** Exercise details **
Reproduction of part of the material below, pictures omitted: copy exactly, and only, the lines starting with the one with "Father Valente Mercy High" and going on through the one with "Standard Canopy Cover for MS893A".

** Data under study **
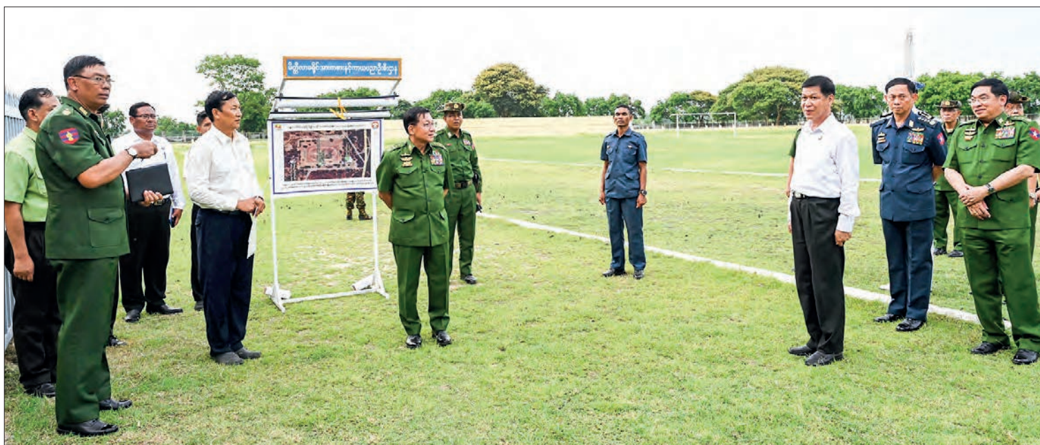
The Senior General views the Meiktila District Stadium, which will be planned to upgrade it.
...
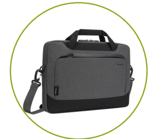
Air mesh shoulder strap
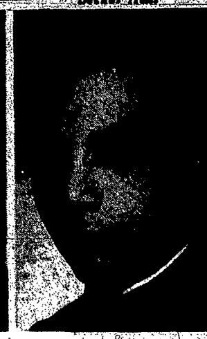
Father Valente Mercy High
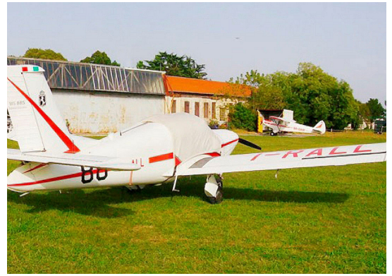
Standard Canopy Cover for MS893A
---
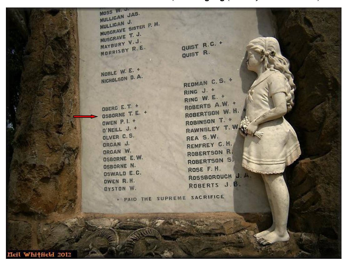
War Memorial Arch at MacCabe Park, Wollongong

** Result of this exercise **
Father Valente Mercy High
Standard Canopy Cover for MS893A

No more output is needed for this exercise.